Power electronics range from the simplest to the most complex subsystems in modern products. This fact is not surprising because the applications also range from simple to complex. At the simplest, a power supply can be a big zener diode, such as those that find use in submarine cable-repeater pods.
These pods need the ultimate in reliability, and a resistor-plus-diode approach is the simplest and hence most reliable. The zener dissipates a significant amount of heat, but the temperature of the ocean floor easily removes that heat. Slightly up the complexity ladder are linear regulators—popular and useful parts.

A linear regulator operates like a valve. It resists the current in the circuit to ensure that voltage stays constant. Remember that the word "transistor" derives from the combination of the words "transconductance" and "varistor" (Reference 1). The transistor in a linear regulator pinches off the current to control voltage—hence, it provides transconductance. In this operation, it serves as a variable resistance, or varistor. Conventional linear regulators have NPN-pass elements. Low-dropout regulators use PNP transistors.

A more complex regulator is the charge pump.
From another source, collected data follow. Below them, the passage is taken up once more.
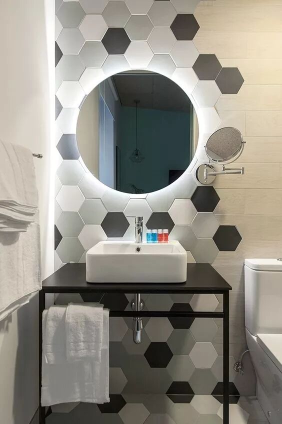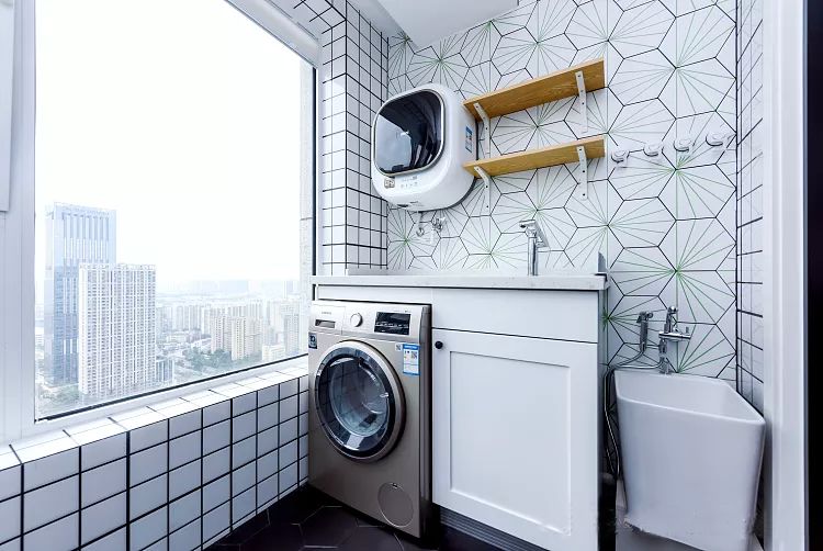 ▲台盆区六角砖与瓷砖不规则拼接,错落出别致的美感,打破素色空间的沉默,跳跃的黑白图案让每一次洗漱都轻松愉快。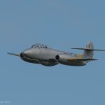 Another jewel honoring the Royal Air Force was the oldest flying jet in the world: Gloster Meteor T7 WA591. This recently imported aeroplane is owned and operated by the World Heritage Air Museum. The appearance of the Meteor was especially poignant, due to the tragic loss of her owner, Marty Tibbitts, in the crash of his deHavilland Venom shortly after departing for Oshkosh on July 20th. It is an enormous testament to the spirit of Tibbitts family and friends that the Meteor made her appearance.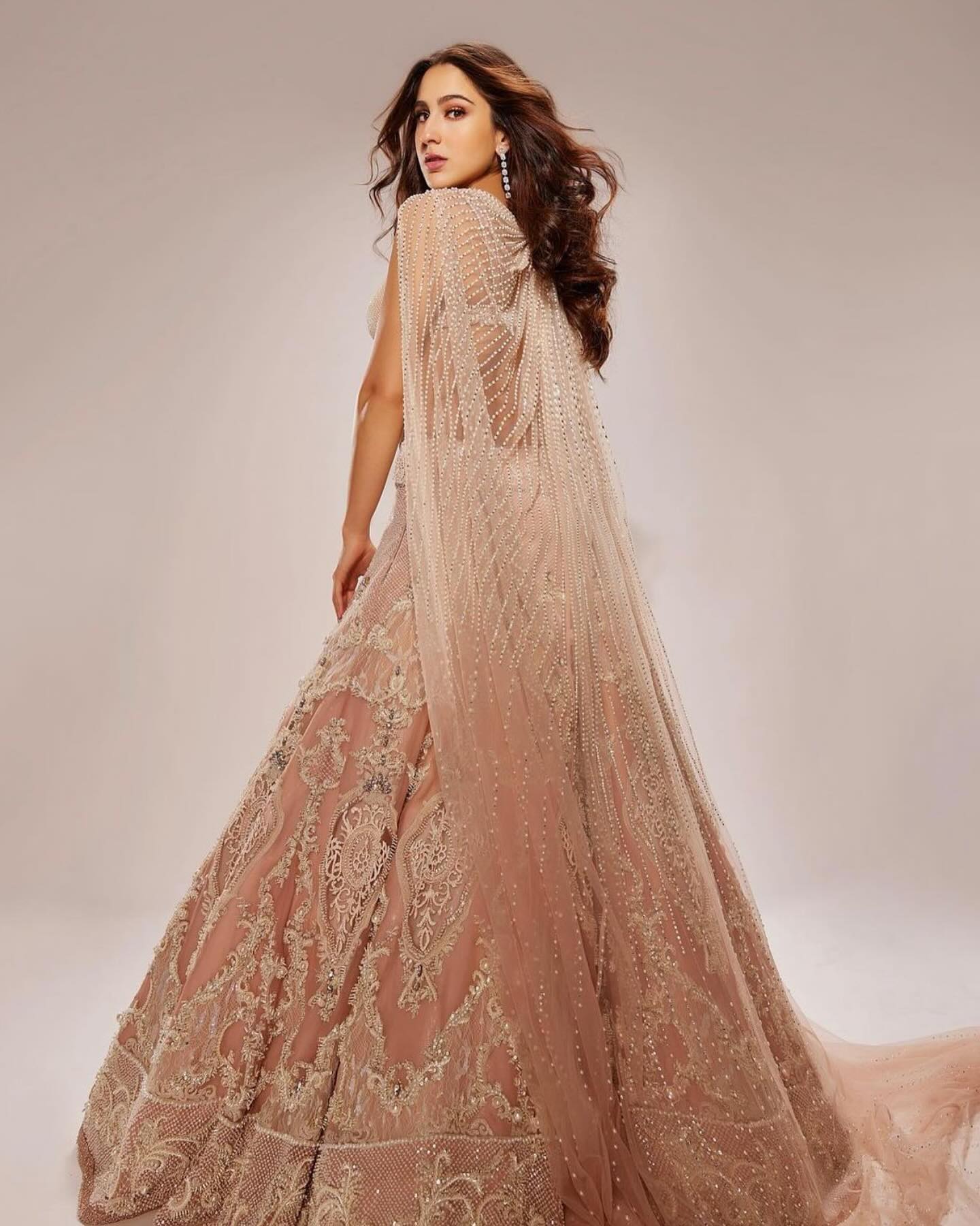 Draped in a blush-pink nude-gold embellished lehenga, Sara exudes both opulence and sensual sophistication. The intricate embroidery, kissed with sequins and zari detailing, weaves a royal story across the flowing fabric. The voluminous skirt cascades gracefully, balancing grandeur with soft feminine charm.

It uses several transistors as switches, not linear elements. These switches transfer charge to a capacitor and then change the connections so that the capacitor doubles or inverts the original voltage you impress upon it.

 You realize a large jump in complexity when you move to switching regulators. These circuits have high-frequency magnetics, a control loop, and at least one transistor acting as a switch...

All of these power circuits convert one dc voltage to another dc voltage. A significant number of designs use transformers to change ac voltage or circuits that convert ac to dc for subsequent dc-to-dc conversion. One of the most elegant ac-to-dc-conversion circuits, the PFC (power-factor-correction) circuit, uses a boost-converter topology to ensure that the input current to a converter is proportional to the input voltage, unlike the sharp spikes of input current that occur in conventional ac-to-dc circuits.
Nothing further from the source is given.